I have 2 umbrella light stands with twin x 625 Watt 5500K bulbs in each and I found that even shooting with both I was restricted to f2.8 to f4 still, so I picked up 3 x 800 Watt 'Red-Heads' with barn doors as well, on eBay for a few hundred bucks, then I purchased some dichroic filters for them (sort of blue/yellow glass filters that cost $28 each) to convert them from 3200k to 5500k. They really make a big difference, plus they come in their own carry-case. The bulbs are not cheap though, but I got half a dozen more (as spares) on-line for another 80 dollars. You don't have to spend a lot on lighting kits. For a thousand bucks you could get half a dozen Red-heads, that are lightweight, portable and most important; they're easily adjustable and the barn doors are great for lighting backgrounds etc. Now I just use the umbrella lights close-in to the subject and use the others for boosting the ambient light.


----------



## HurtinMinorKey (May 14, 2012)

Could you give me a link to them?


----------



## DB (May 14, 2012)

The daylight filters link is as follows:

http://www.ebay.ie/itm/Dichroic-Daylight-Filter-Redhead-3300K-5600K-/110827294307?pt=LH_DefaultDomain_0&hash=item19cdd24e63#ht_1900wt_1396

And the link from the same store for the lights is

http://www.ebay.ie/itm/Continuous-Light-Red-Head-800w-extra-free-tube-/140271609673?pt=LH_DefaultDomain_0&hash=item20a8d6e749#ht_2005wt_1396

Personally, I bought my Red-Heads from a Chinese manufacturer that shipped out of the UK (see link below):

http://www.ebay.ie/itm/2400w-red-head-Continuous-lighting-light-kit-3m-cable-/150499176035?pt=UK_Photography_StudioEquipment_RL&hash=item230a732e63#ht_2503wt_1139

I got the above set with bag, stands, lights etc. Just as a note, there are suppliers on-line who also supply longer electric cables with individual On/Off switches, cos' these guys get really hot (that's the downside), so it is nice to be able to turn them off individually/separately without having to unplug them (or switching off the wall socket if you're using a multi-socket adapter).


----------



## paul13walnut5 (May 14, 2012)

You don't say what kind of shooting you are doing. Reds are great for large perspective lighting with plenty if room, but they are prone to hotspots and can be very uncomfortable to be under fir any length of time.

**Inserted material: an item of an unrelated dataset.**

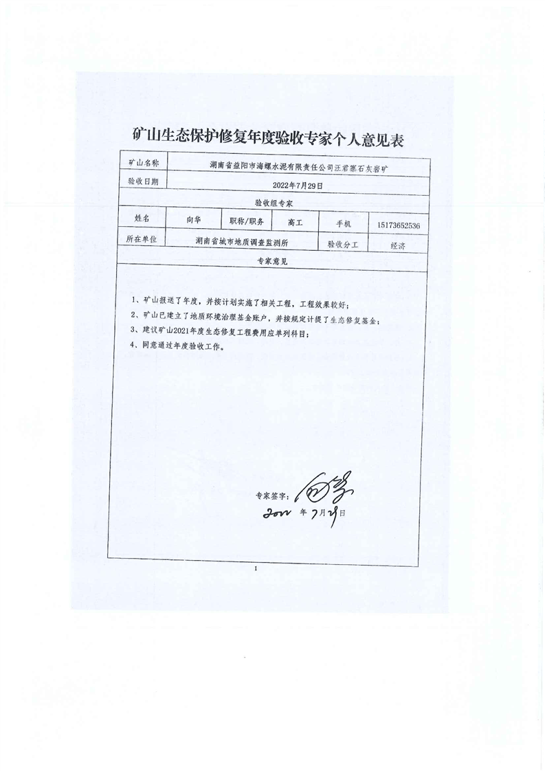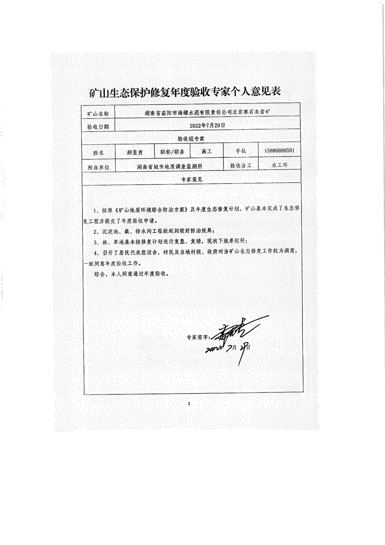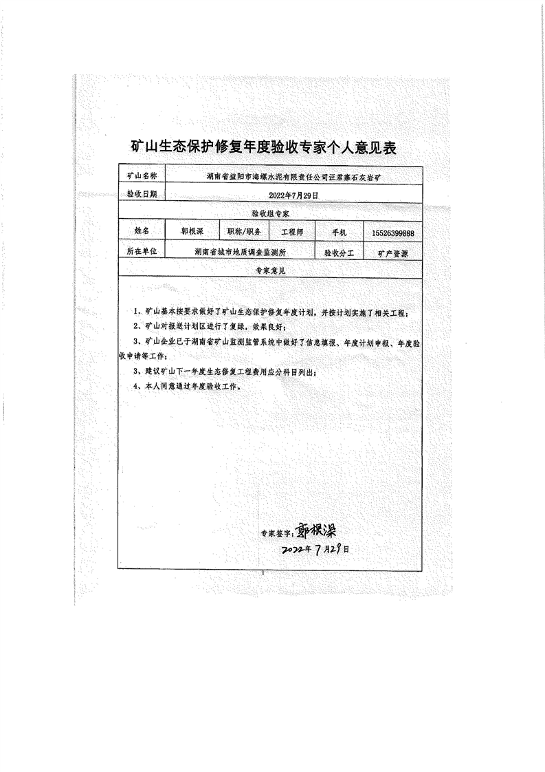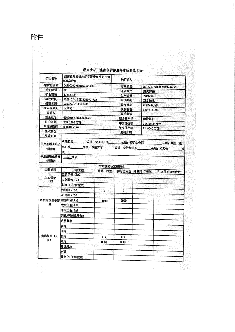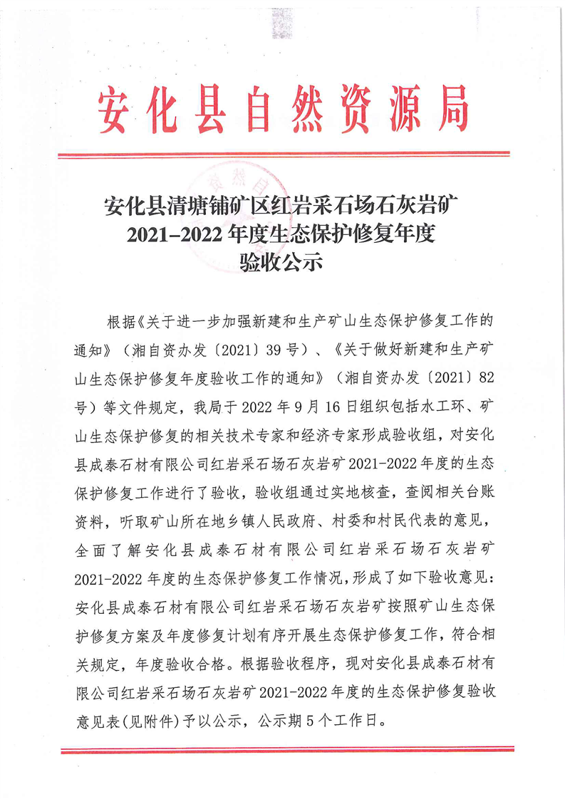 安化县清塘铺矿区红岩采石场石灰岩矿2021-2022年度生态保护修复年度验收公示

You also need be ware of overloading power circuits, 3x reds are right at 13a, so if you want to plugin anything else you'll need to be careful.

For interviews dedolights are pretty good, low power but with aspheric projection lens they punch more than their weight. By the time you add scrim or diff then you are vastly reducing their range, and thus forcing a closer perspective.

For my interview stuff my go to lamp is an interfit coolite9. Comes with softbox, i use the 9 bulb version, it's daylight balanced and so needs cc gels to mix with indoor lighting.

Uses much less power than a red, is comfortable to sit under and is relatively cheap. Bulbs are dear though, but should last a long time. Very diffuse and natural looking. I usually combine these with a reflector just begind the subject, or rotolights for shadow lift or rim lighting.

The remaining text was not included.